### WORK REQUEST
Copy exactly the lines of the material below that fall between the line with "Carlos Mira Manzano" and the line with "ပြေးလမ်းမီးများကို ညဘက်လေယာဉ်ဆင်းရာတွင် မြင်သာရန်", both of those lines included; pictures stay out.

### SUPPLIED RECORDS
[Start of Attachment]

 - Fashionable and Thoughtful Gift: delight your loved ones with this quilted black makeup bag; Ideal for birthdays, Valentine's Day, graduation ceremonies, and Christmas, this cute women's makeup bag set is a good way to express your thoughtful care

[End of Attachment]
[Start of Attachment]

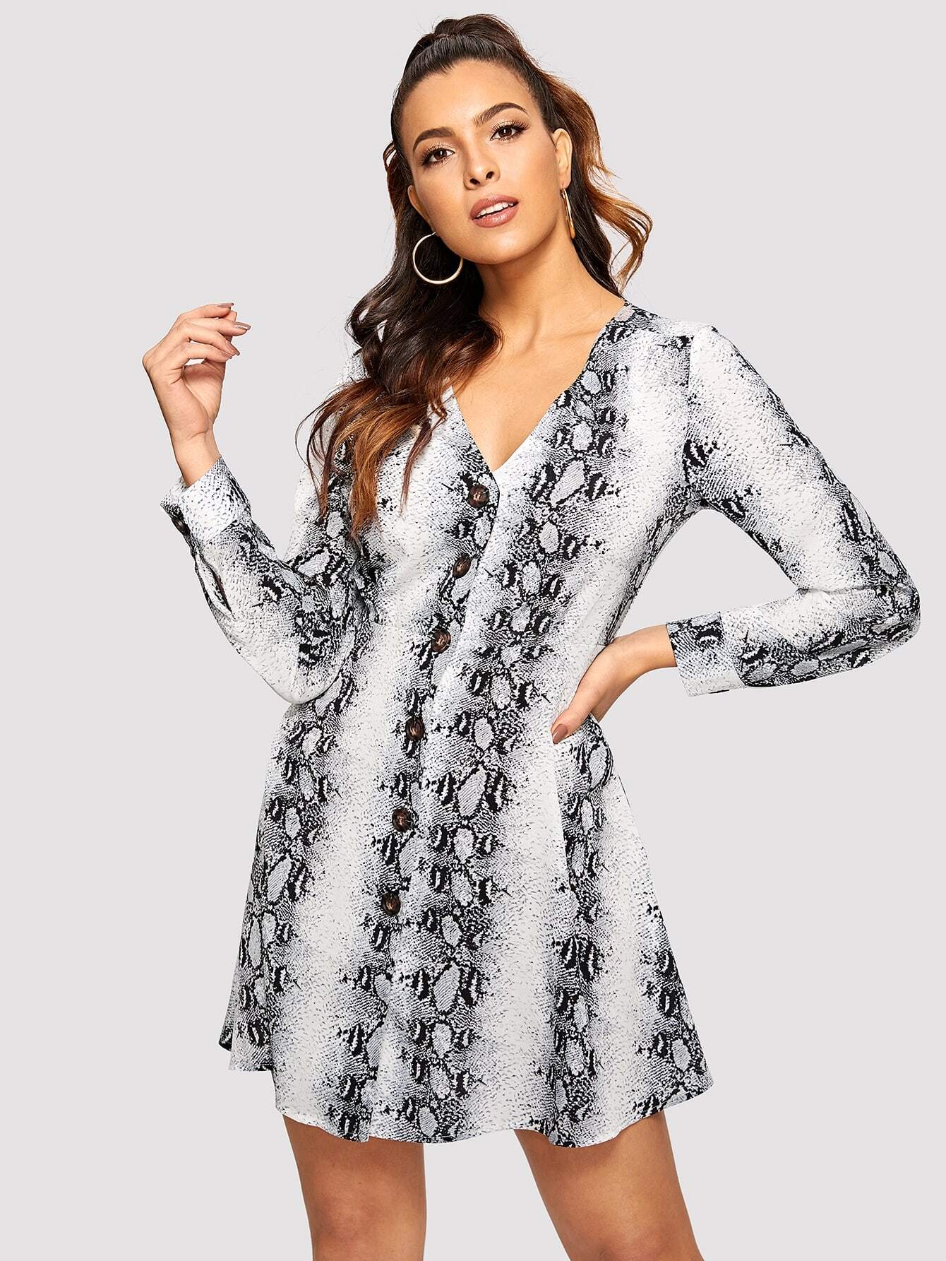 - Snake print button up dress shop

[End of Attachment]
[Start of Attachment]

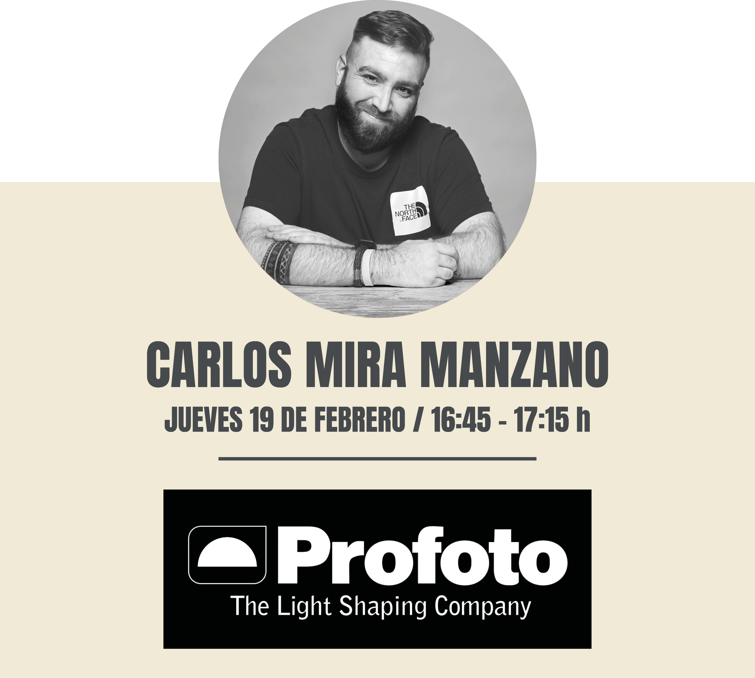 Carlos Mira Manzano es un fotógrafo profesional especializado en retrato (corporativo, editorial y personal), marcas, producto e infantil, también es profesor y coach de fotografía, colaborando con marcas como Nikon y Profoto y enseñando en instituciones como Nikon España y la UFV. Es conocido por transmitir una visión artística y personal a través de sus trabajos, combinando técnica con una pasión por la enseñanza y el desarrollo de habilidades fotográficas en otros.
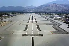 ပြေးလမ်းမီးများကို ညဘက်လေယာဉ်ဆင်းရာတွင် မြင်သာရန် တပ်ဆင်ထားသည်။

[End of Attachment]

### RESULT OF THE EXERCISE
 Carlos Mira Manzano es un fotógrafo profesional especializado en retrato (corporativo, editorial y personal), marcas, producto e infantil, también es profesor y coach de fotografía, colaborando con marcas como Nikon y Profoto y enseñando en instituciones como Nikon España y la UFV. Es conocido por transmitir una visión artística y personal a través de sus trabajos, combinando técnica con una pasión por la enseñanza y el desarrollo de habilidades fotográficas en otros.
 ပြေးလမ်းမီးများကို ညဘက်လေယာဉ်ဆင်းရာတွင် မြင်သာရန် တပ်ဆင်ထားသည်။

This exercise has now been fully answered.